→ Task statement: Below are records with pictures. Transcribe exactly, and only, the lines from the line with "Product Details: This" to the line with "#BDDA6A RGB value", both ends included, but not the pictures.

→ Data to process:
===============
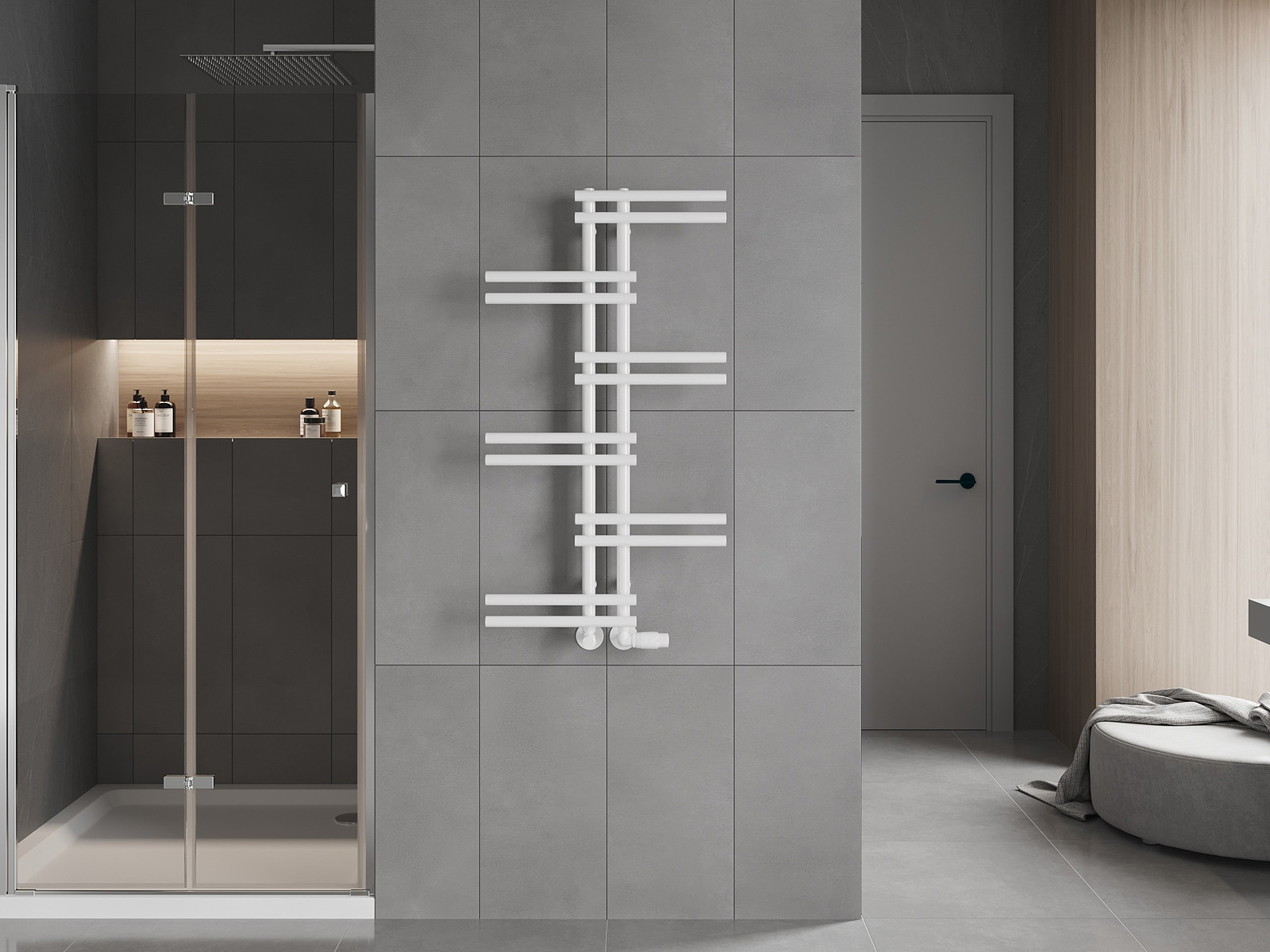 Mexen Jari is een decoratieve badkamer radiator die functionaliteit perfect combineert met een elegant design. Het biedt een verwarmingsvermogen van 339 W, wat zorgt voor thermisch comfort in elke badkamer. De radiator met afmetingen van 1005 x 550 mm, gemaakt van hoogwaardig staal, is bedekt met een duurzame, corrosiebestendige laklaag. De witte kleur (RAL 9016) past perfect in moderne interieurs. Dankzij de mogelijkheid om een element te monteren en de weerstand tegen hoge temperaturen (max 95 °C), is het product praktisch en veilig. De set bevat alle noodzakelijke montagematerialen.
===============
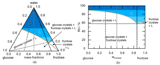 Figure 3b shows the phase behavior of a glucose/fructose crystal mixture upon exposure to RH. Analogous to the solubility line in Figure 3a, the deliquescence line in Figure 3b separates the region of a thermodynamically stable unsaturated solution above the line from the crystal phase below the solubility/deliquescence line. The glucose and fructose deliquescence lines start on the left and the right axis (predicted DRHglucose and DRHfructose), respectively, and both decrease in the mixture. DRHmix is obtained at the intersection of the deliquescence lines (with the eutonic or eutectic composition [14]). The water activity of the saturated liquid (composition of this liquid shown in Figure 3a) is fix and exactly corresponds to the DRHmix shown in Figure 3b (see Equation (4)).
===============
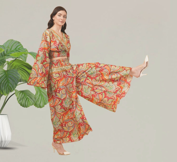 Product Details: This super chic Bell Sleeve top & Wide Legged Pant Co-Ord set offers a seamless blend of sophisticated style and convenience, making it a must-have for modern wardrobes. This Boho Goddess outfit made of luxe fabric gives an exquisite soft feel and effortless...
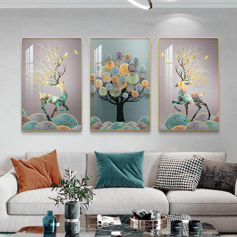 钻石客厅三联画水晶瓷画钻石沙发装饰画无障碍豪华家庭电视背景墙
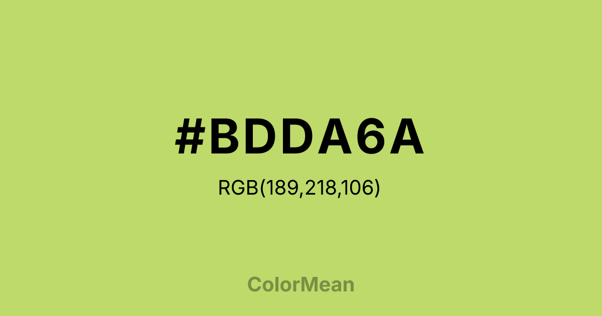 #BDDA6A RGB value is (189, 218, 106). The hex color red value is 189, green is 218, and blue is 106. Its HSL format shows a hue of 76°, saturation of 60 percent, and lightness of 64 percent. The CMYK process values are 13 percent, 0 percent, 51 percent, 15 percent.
===============
→ Response below:
 Product Details: This super chic Bell Sleeve top & Wide Legged Pant Co-Ord set offers a seamless blend of sophisticated style and convenience, making it a must-have for modern wardrobes. This Boho Goddess outfit made of luxe fabric gives an exquisite soft feel and effortless...
 钻石客厅三联画水晶瓷画钻石沙发装饰画无障碍豪华家庭电视背景墙
 #BDDA6A RGB value is (189, 218, 106). The hex color red value is 189, green is 218, and blue is 106. Its HSL format shows a hue of 76°, saturation of 60 percent, and lightness of 64 percent. The CMYK process values are 13 percent, 0 percent, 51 percent, 15 percent.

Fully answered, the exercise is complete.